Mistress Cisily Thorncoffyn is cross, contrary, and delights in being a pain—her five dogs are smarter and better behaved! Annually she takes advantage of a clause in the gifting of the hospital by her father to stay for weeks at St. Giles—I think she likes to spread the grief around. Even when she’s ill, she’s thinking of how to make people miserable. Her maid Idany is a carbon copy at least in character bossing everyone around and expecting them to drop whatever they are doing to cater to her mistress. Master Geoffrey Thorncoffyn is her grandson and certainly takes after her in character. Master Aylton is the Thorncoffyn’s steward and a seemingly pleasant enough man. Dick Cawdry is reeve at Tybchurch while Simond Wyke is reeve over at Crofte for Mistress Thorncoffyn; their statements are backed up by Harry Multon, a bailiff.

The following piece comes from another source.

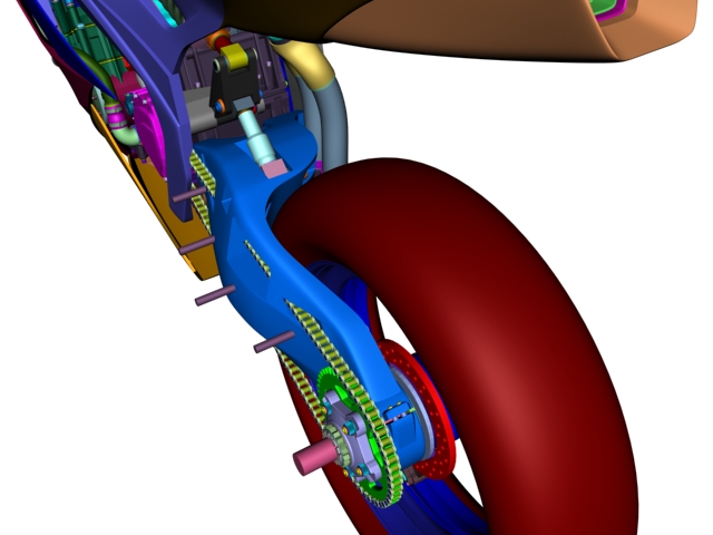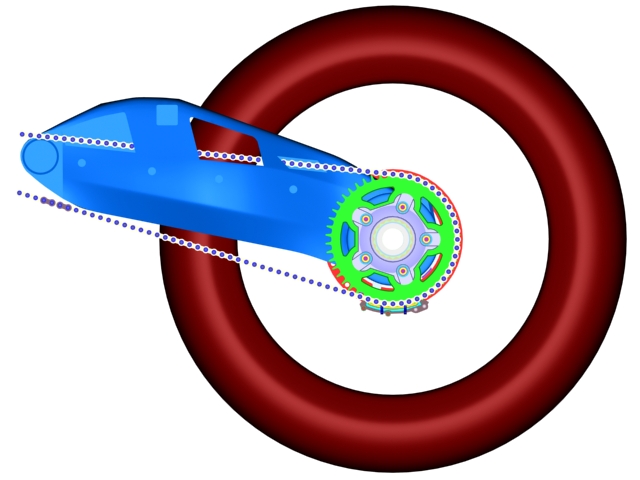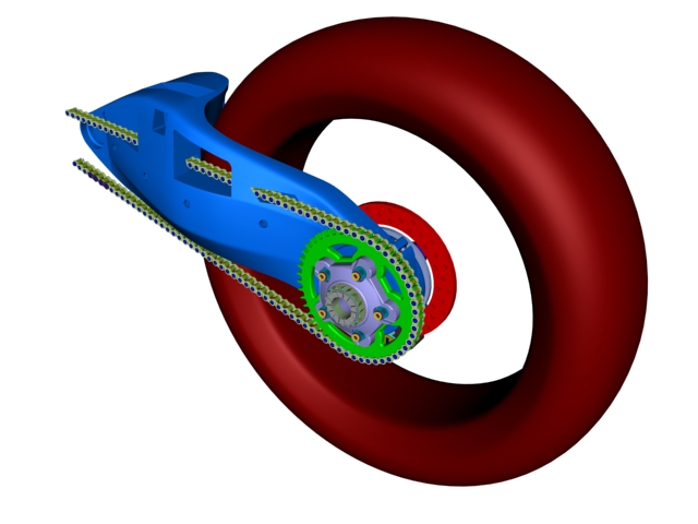 Sobre el basculante, lo veo pequeño, tanto en el ancho como el alto, sobre todo por el tamaño que tendría que tener la rueda, lo veo poco robusto y puede dejar el diseño muy colgado, técnicamente esa pieza es una de las que más caña tienen que aguantar, te paso un enlace para que veas como es un monobrazo, el de la 1098 (pedazo de burra) aunque te puedes fijar en la 848 que, aunque sea la peque (132 cv) el diseño es posterior. http://www.dailymotos.com/nuevo-basc...by-Ram-Italia/ este bicho no es el que monta la duca de serie, total solo cuesta 3000 euros de nada, aparte aquí puedes ver las excéntricas necesarias para montar la rueda que no veo en tu diseño.

John Borton is the bailiff at Barton with Deke Credy’s nephew a constable. Tom Denton is the barber-surgeon who performs the autopsy. Master Osbourne is the crowner who investigates any death and makes a judgment; a very suspicious and intelligent man. Master Goldin is the town apothecary Osbourne calls in when Sister Letice confirms that the ginger is poisoned; possible romance there!

The Cover
The cover illustration is by Brigid Collins while its design is by Lesley Worrell. I hadn’t thought to wonder who had done them previously, but I’m impressed by the atmosphere the cover creates with its medieval styling. The hospital is in the background behind an arch with a cloudy barrier between it and the row of bedridden patients, sisters clustering behind the nasty Mistress Thorncoffyn (she’s really not fat enough on the cover!) and her maid Idany.

The title is disturbing. The sisters and the priests are pious enough…it’s the others who seem to be A Play at Piety.